(Data items)
=-=-=
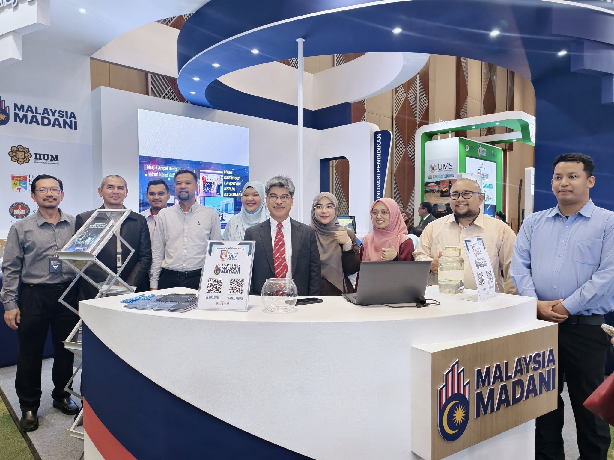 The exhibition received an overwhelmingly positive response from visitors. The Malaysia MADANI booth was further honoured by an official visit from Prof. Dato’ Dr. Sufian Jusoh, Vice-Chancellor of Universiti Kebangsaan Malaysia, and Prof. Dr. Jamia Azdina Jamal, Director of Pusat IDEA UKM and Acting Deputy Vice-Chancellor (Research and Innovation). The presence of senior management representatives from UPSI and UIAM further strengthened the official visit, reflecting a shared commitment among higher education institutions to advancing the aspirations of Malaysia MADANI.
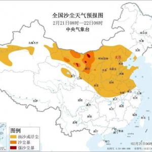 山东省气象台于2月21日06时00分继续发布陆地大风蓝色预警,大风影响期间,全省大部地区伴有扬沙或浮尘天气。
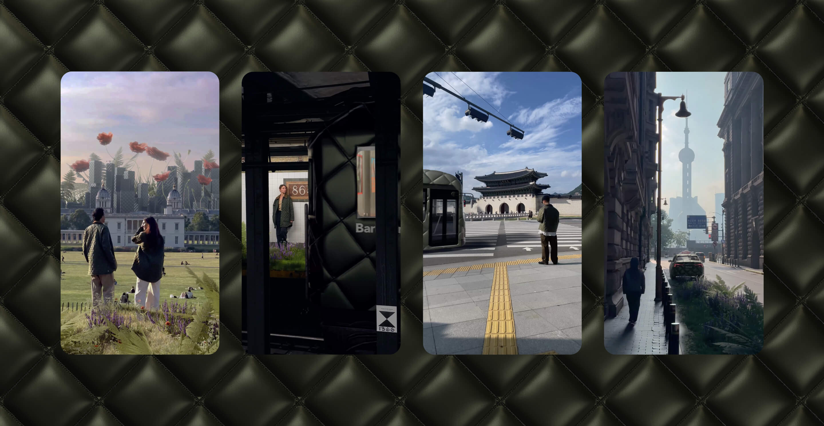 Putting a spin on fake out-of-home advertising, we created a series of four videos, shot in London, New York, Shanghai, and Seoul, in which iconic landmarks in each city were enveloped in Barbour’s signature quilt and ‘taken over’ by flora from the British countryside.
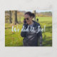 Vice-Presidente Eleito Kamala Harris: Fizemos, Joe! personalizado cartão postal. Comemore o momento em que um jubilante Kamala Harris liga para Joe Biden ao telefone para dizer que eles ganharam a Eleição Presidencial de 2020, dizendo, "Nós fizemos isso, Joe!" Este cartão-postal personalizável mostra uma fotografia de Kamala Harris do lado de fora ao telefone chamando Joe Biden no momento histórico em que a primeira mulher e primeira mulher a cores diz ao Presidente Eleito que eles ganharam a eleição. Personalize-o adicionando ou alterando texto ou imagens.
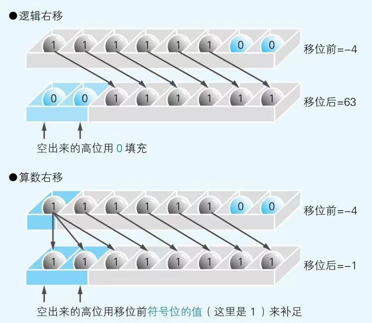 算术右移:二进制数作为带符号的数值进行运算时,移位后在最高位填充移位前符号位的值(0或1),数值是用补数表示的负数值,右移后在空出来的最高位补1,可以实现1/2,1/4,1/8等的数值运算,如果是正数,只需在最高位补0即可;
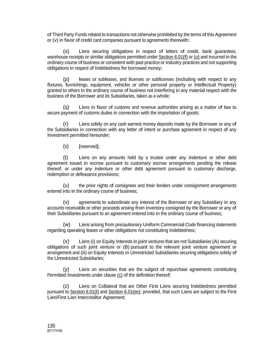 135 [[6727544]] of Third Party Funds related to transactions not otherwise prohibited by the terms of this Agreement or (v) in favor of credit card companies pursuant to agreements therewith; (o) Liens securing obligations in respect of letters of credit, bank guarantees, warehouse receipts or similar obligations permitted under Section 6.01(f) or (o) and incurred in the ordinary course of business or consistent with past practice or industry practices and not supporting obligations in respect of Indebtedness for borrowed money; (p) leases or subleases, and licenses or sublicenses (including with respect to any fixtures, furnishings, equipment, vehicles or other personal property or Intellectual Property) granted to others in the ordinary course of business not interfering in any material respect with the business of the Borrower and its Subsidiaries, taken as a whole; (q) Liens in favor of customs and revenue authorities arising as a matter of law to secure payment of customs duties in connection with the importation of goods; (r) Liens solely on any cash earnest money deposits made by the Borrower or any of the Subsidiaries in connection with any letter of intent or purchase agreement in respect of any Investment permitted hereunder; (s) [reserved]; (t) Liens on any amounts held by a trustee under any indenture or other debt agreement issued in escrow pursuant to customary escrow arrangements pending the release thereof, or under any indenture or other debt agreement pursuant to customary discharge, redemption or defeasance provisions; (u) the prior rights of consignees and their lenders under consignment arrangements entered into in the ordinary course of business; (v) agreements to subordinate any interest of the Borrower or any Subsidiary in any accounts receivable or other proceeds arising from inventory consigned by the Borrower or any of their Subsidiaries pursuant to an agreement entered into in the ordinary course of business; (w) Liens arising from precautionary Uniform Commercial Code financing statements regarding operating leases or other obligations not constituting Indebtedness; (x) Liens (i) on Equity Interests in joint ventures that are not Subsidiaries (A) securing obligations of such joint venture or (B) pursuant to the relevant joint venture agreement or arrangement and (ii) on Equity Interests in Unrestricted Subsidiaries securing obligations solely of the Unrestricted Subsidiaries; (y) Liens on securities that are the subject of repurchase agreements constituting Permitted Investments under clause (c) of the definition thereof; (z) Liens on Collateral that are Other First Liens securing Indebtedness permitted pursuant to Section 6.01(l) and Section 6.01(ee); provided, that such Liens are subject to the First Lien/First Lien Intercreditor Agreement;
=-=-=
◆ Your assignment: Take the records above and transcribe them exactly, dropping every picture.

◆ Response:
 The exhibition received an overwhelmingly positive response from visitors. The Malaysia MADANI booth was further honoured by an official visit from Prof. Dato’ Dr. Sufian Jusoh, Vice-Chancellor of Universiti Kebangsaan Malaysia, and Prof. Dr. Jamia Azdina Jamal, Director of Pusat IDEA UKM and Acting Deputy Vice-Chancellor (Research and Innovation). The presence of senior management representatives from UPSI and UIAM further strengthened the official visit, reflecting a shared commitment among higher education institutions to advancing the aspirations of Malaysia MADANI.
 山东省气象台于2月21日06时00分继续发布陆地大风蓝色预警,大风影响期间,全省大部地区伴有扬沙或浮尘天气。
 Putting a spin on fake out-of-home advertising, we created a series of four videos, shot in London, New York, Shanghai, and Seoul, in which iconic landmarks in each city were enveloped in Barbour’s signature quilt and ‘taken over’ by flora from the British countryside.
 Vice-Presidente Eleito Kamala Harris: Fizemos, Joe! personalizado cartão postal. Comemore o momento em que um jubilante Kamala Harris liga para Joe Biden ao telefone para dizer que eles ganharam a Eleição Presidencial de 2020, dizendo, "Nós fizemos isso, Joe!" Este cartão-postal personalizável mostra uma fotografia de Kamala Harris do lado de fora ao telefone chamando Joe Biden no momento histórico em que a primeira mulher e primeira mulher a cores diz ao Presidente Eleito que eles ganharam a eleição. Personalize-o adicionando ou alterando texto ou imagens.
 算术右移:二进制数作为带符号的数值进行运算时,移位后在最高位填充移位前符号位的值(0或1),数值是用补数表示的负数值,右移后在空出来的最高位补1,可以实现1/2,1/4,1/8等的数值运算,如果是正数,只需在最高位补0即可;
 135 [[6727544]] of Third Party Funds related to transactions not otherwise prohibited by the terms of this Agreement or (v) in favor of credit card companies pursuant to agreements therewith; (o) Liens securing obligations in respect of letters of credit, bank guarantees, warehouse receipts or similar obligations permitted under Section 6.01(f) or (o) and incurred in the ordinary course of business or consistent with past practice or industry practices and not supporting obligations in respect of Indebtedness for borrowed money; (p) leases or subleases, and licenses or sublicenses (including with respect to any fixtures, furnishings, equipment, vehicles or other personal property or Intellectual Property) granted to others in the ordinary course of business not interfering in any material respect with the business of the Borrower and its Subsidiaries, taken as a whole; (q) Liens in favor of customs and revenue authorities arising as a matter of law to secure payment of customs duties in connection with the importation of goods; (r) Liens solely on any cash earnest money deposits made by the Borrower or any of the Subsidiaries in connection with any letter of intent or purchase agreement in respect of any Investment permitted hereunder; (s) [reserved]; (t) Liens on any amounts held by a trustee under any indenture or other debt agreement issued in escrow pursuant to customary escrow arrangements pending the release thereof, or under any indenture or other debt agreement pursuant to customary discharge, redemption or defeasance provisions; (u) the prior rights of consignees and their lenders under consignment arrangements entered into in the ordinary course of business; (v) agreements to subordinate any interest of the Borrower or any Subsidiary in any accounts receivable or other proceeds arising from inventory consigned by the Borrower or any of their Subsidiaries pursuant to an agreement entered into in the ordinary course of business; (w) Liens arising from precautionary Uniform Commercial Code financing statements regarding operating leases or other obligations not constituting Indebtedness; (x) Liens (i) on Equity Interests in joint ventures that are not Subsidiaries (A) securing obligations of such joint venture or (B) pursuant to the relevant joint venture agreement or arrangement and (ii) on Equity Interests in Unrestricted Subsidiaries securing obligations solely of the Unrestricted Subsidiaries; (y) Liens on securities that are the subject of repurchase agreements constituting Permitted Investments under clause (c) of the definition thereof; (z) Liens on Collateral that are Other First Liens securing Indebtedness permitted pursuant to Section 6.01(l) and Section 6.01(ee); provided, that such Liens are subject to the First Lien/First Lien Intercreditor Agreement;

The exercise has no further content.